Lee Geon Ju, Jung Jason J
Department of Computer Engineering, Chung-Ang University, Seoul, Korea.
PeerJ Comput Sci. 2022 Jan 20;8:e853. doi: 10.7717/peerj-cs.853. eCollection 2022.
In modern sports, strategy and tactics are important in determining the game outcome. However, many coaches still base their game tactics on experience and intuition. The aim of this study is to predict tactics such as formations, game styles, and game outcome based on soccer dataset. In this paper, we propose to use Deep Neural Networks (DNN) based on Multi-Layer Perceptron (MLP) and feature engineering to predict the soccer tactics of teams. Previous works adopt simple machine learning techniques, such as Support Vector Machine (SVM) and decision tree, to analyze soccer dataset. However, these often have limitations in predicting tactics using soccer dataset. In this study, we use feature selection, clustering techniques for the segmented positions and Multi-Output model for Soccer (MOS) based on DNN, wide inputs and residual connections. Feature selection selects important features among features of soccer player dataset. Each position is segmented by applying clustering to the selected features. The segmented positions and game appearance dataset are used as training dataset for the proposed model. Our model predicts the core of soccer tactics: formation, game style and game outcome. And, we use wide inputs and embedding layers to learn sparse, specific rules of soccer dataset, and use residual connections to learn additional information. MLP layers help the model to generalize features of soccer dataset. Experimental results demonstrate the superiority of the proposed model, which obtain significant improvements comparing to baseline models.
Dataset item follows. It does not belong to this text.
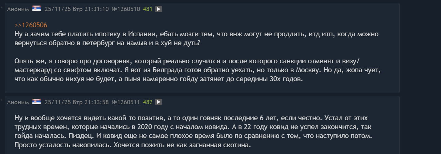 >>1260511 → >>1260510 → Отвечаю на этот ответ. Вы щас опять скажете какой я долбоеб и все такое. Ну первое я пиздец как наездился и даже сама мысль о переезде после стольких усилий со справками на справки вгоняет в ужас. Идея о том что надо ехать обратно с кошкой, со всеми пожитками. У тети Оли которя ненавидит переезды вообще кукушка нахуй отлетит. Да и у меня тоже. Как будто пройдено слишком много чтобы бросать. Уж лучше тут полочки прикручивать. Во вторых ну бля я в целом не хочу жить в питере на намыве. Не знаю где хочу в россии как будто только юг остается, но этот питер я рот его ебал. Намыв в частности с его вечной стройкой. Каждую зиму и осень я ждал момента чтобы оттуда сьебаться в тайланд. А возвращаясь унывал потому что еще три месяца терпеть пока лето придет. В третьих ну вот тут как будто жилищный вопрос проще закрыть. Я не хочу в рахе в еботеку влазить. Даже две третьих хаты оплатив я получу хуйню где жить то особо и не по кайфу будет с платежами еще по 200 к в месяц. Да нахуй надо. Уж лучше тут коробку взять под 2%. Мне в целом тут нравится природа, климат и нахождение вне дома тут мне приносит удовольствие. Вот все эти поездки на велики, шабление, сидение накуренным у моря. И это я еще тачку не купил. Океан, возможность там летом поехать в той же испании на моря это заебись. А в питере нормальной погоды 3 месяца в году и то с оговорками. По работе даже если они там чето подпишут со мной один хуй с рахи работать не будут по остаточному принципу. Щас доджат работу с русами и хохлами. У первых из за токсичности у вторых головняк с бусификацией работников и выключениями света. Проще и не связываться. Не то чтобы тут как то дохуя возможностей, но вернувшись в раху светит мне работа только на аутсорс галеры в рашке за бомжовый прайс. Но там и расходы ниже надо сказать. В пизду кароче. Я вообще хочу выкатиться нахуй с этого аутсорса и работать в девелопменте, а из россии это делать не получится. Ну и последнее. Мне не нравится идея вот этого "русского поля экспериментов". Это я успел хотя бы на жизнь какую то заработать, на халупу и опять сбрили жир. Каждые 5 лет новая хуйня. Новый кризис. Постоянно какие то социальные лифты в виде анальничества и вебкама выстреливают. То надо быть военным чтобы подняться, то комерсом, то юристом все шли, то блят экономистом. Мать у меня в совке на товароведа училась по настоянию родителей чтобы домой колбасу таскать с работы, а все в семье военные были потому что там пайка увеличенная и квартиры. Меня это заебало. Я просто хочу уже дожить жизнь без всей этой хуйни и многоходовочек. Но я уверен что я такой бедовый лох что попаду на экономический спад в европе и потом буду сидеть с себя проигрывать когда вот эта хуйня и ей подобные >>1260719 начнут европедирасиков ебать. И когда я буду ссылаться что в далеком 2010 году было в европе сыто и богато и я туда поехал потому что мне варламов мозги промыл то мне в 2040 будут говорить НЕ НУ ТО ВРЕМЯ ДРУГОЕ БЫЛО ПЫНИМАТЬ НАДО. А ебано будет везде. Просто этот разрыв между рахой и условной испанией сократится еще больше. И там и там на пенсию хуй пососешь или до нее не доживешь просто. И там и там работать до седых мудей. А выиграют те кто сейчас тут в испании доживают и на свою пенсию сидят вино пьют и отлетают в вальгалу доедая самую лучшую в европе медицину и прочую социалку. На счет договорняка. Я в него не

在现代体育中,战略和战术对于决定比赛结果至关重要。然而,许多教练仍然将他们的比赛战术基于经验和直觉。本研究的目的是基于足球数据集预测诸如阵型、比赛风格和比赛结果等战术。在本文中,我们提议使用基于多层感知器(MLP)的深度神经网络(DNN)和特征工程来预测球队的足球战术。先前的工作采用简单的机器学习技术,如支持向量机(SVM)和决策树,来分析足球数据集。然而,这些方法在使用足球数据集预测战术时往往存在局限性。在本研究中,我们使用特征选择、针对分段位置的聚类技术以及基于DNN、宽输入和残差连接的足球多输出模型(MOS)。特征选择在足球运动员数据集的特征中选择重要特征。通过对所选特征应用聚类来对每个位置进行分段。分段后的位置和比赛外观数据集用作所提出模型的训练数据集。我们的模型预测足球战术的核心:阵型、比赛风格和比赛结果。并且,我们使用宽输入和嵌入层来学习足球数据集的稀疏、特定规则,并使用残差连接来学习额外信息。MLP层帮助模型概括足球数据集的特征。实验结果证明了所提出模型的优越性,与基线模型相比有显著改进。